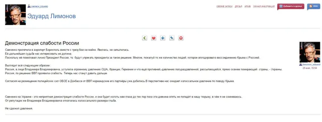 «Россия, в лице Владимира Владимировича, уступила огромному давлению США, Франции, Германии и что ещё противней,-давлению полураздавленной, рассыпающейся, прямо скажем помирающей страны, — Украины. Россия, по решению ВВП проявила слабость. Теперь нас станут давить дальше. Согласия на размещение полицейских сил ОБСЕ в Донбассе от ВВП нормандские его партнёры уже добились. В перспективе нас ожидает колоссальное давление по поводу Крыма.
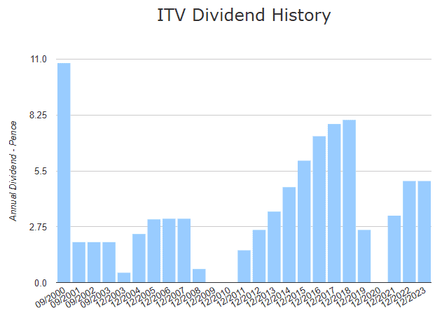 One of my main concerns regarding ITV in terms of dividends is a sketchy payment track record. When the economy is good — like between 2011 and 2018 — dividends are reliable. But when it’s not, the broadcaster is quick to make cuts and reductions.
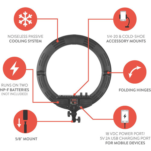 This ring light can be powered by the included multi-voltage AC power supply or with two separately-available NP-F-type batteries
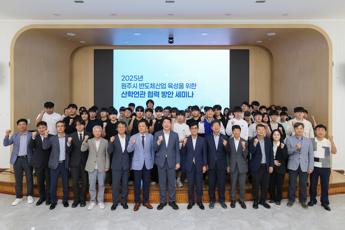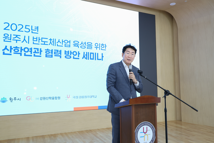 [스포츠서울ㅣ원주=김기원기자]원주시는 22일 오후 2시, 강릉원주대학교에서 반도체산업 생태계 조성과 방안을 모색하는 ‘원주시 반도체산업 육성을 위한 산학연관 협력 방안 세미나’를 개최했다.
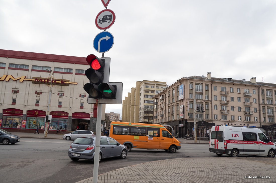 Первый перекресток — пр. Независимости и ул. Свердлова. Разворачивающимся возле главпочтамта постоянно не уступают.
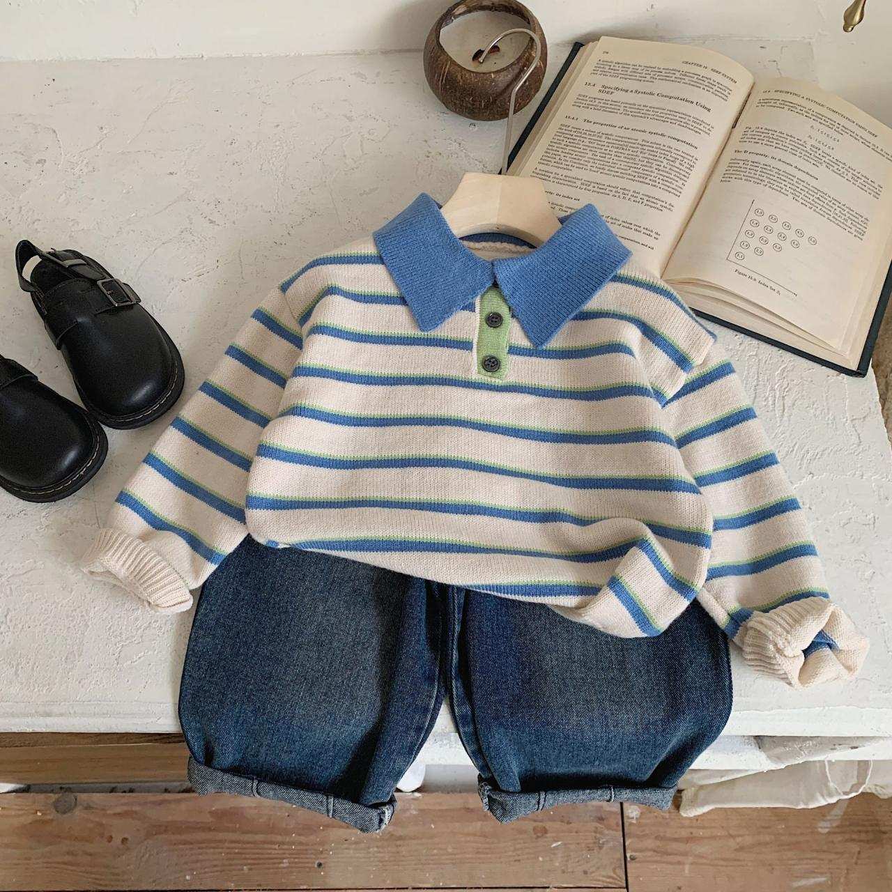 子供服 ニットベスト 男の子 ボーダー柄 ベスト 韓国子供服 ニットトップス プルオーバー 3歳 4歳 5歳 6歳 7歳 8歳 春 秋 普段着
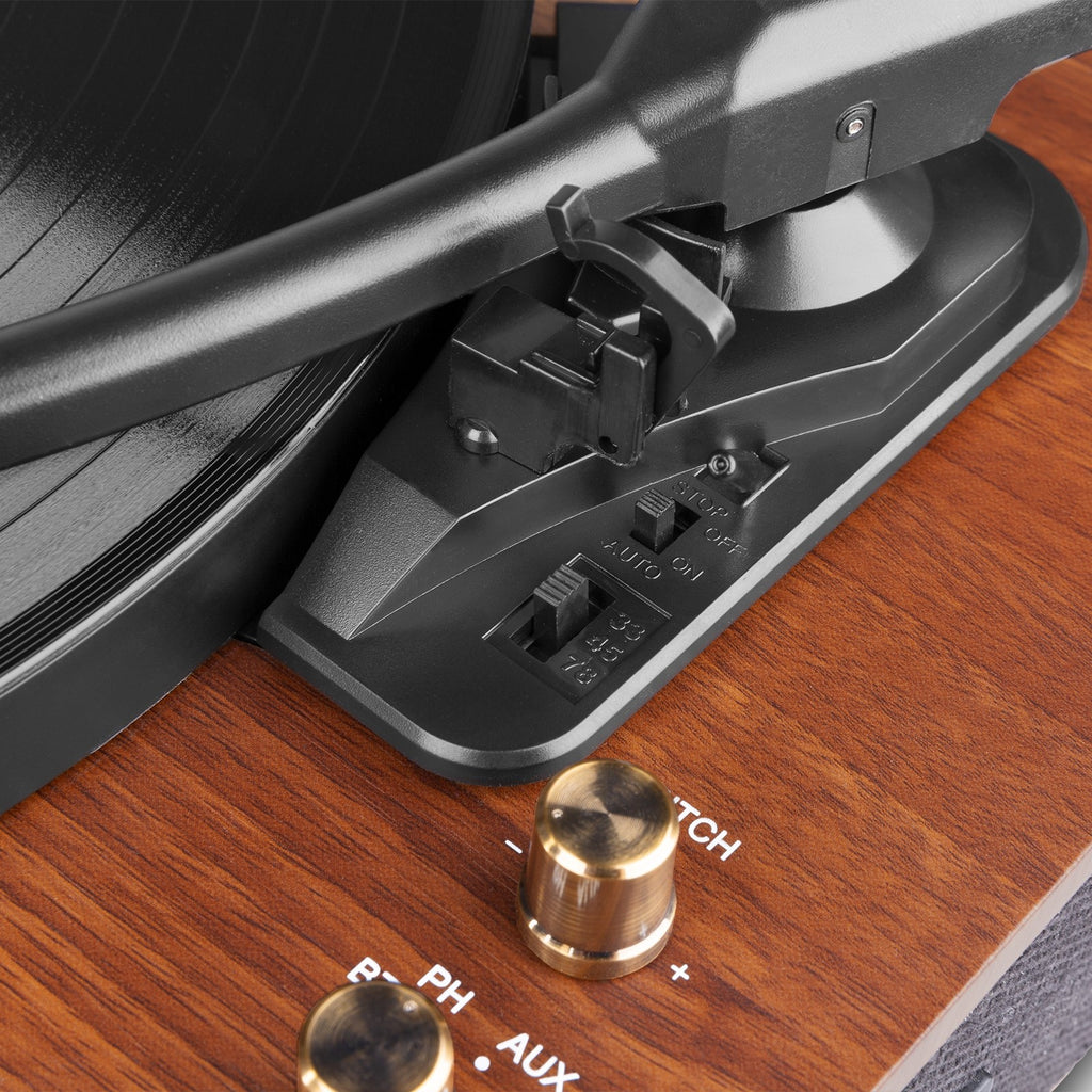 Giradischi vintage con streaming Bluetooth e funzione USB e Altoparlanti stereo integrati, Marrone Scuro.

○ ○ ○ ○ ○ ○ ○

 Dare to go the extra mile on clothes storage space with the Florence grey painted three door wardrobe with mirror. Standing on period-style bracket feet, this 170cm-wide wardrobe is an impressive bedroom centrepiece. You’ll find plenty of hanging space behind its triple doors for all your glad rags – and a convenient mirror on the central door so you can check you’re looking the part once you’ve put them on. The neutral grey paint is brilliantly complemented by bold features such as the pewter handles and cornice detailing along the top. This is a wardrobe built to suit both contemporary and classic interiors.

○ ○ ○ ○ ○ ○ ○

Task directions:
Leave the pictures out, and transcribe exactly the lines above starting at the one that contains "по поводу Крыма." and ending at the one that contains "Giradischi vintage con".

Exercise result:
 «Россия, в лице Владимира Владимировича, уступила огромному давлению США, Франции, Германии и что ещё противней,-давлению полураздавленной, рассыпающейся, прямо скажем помирающей страны, — Украины. Россия, по решению ВВП проявила слабость. Теперь нас станут давить дальше. Согласия на размещение полицейских сил ОБСЕ в Донбассе от ВВП нормандские его партнёры уже добились. В перспективе нас ожидает колоссальное давление по поводу Крыма.
 One of my main concerns regarding ITV in terms of dividends is a sketchy payment track record. When the economy is good — like between 2011 and 2018 — dividends are reliable. But when it’s not, the broadcaster is quick to make cuts and reductions.
 This ring light can be powered by the included multi-voltage AC power supply or with two separately-available NP-F-type batteries
 [스포츠서울ㅣ원주=김기원기자]원주시는 22일 오후 2시, 강릉원주대학교에서 반도체산업 생태계 조성과 방안을 모색하는 ‘원주시 반도체산업 육성을 위한 산학연관 협력 방안 세미나’를 개최했다.
 Первый перекресток — пр. Независимости и ул. Свердлова. Разворачивающимся возле главпочтамта постоянно не уступают.
 子供服 ニットベスト 男の子 ボーダー柄 ベスト 韓国子供服 ニットトップス プルオーバー 3歳 4歳 5歳 6歳 7歳 8歳 春 秋 普段着
 Giradischi vintage con streaming Bluetooth e funzione USB e Altoparlanti stereo integrati, Marrone Scuro.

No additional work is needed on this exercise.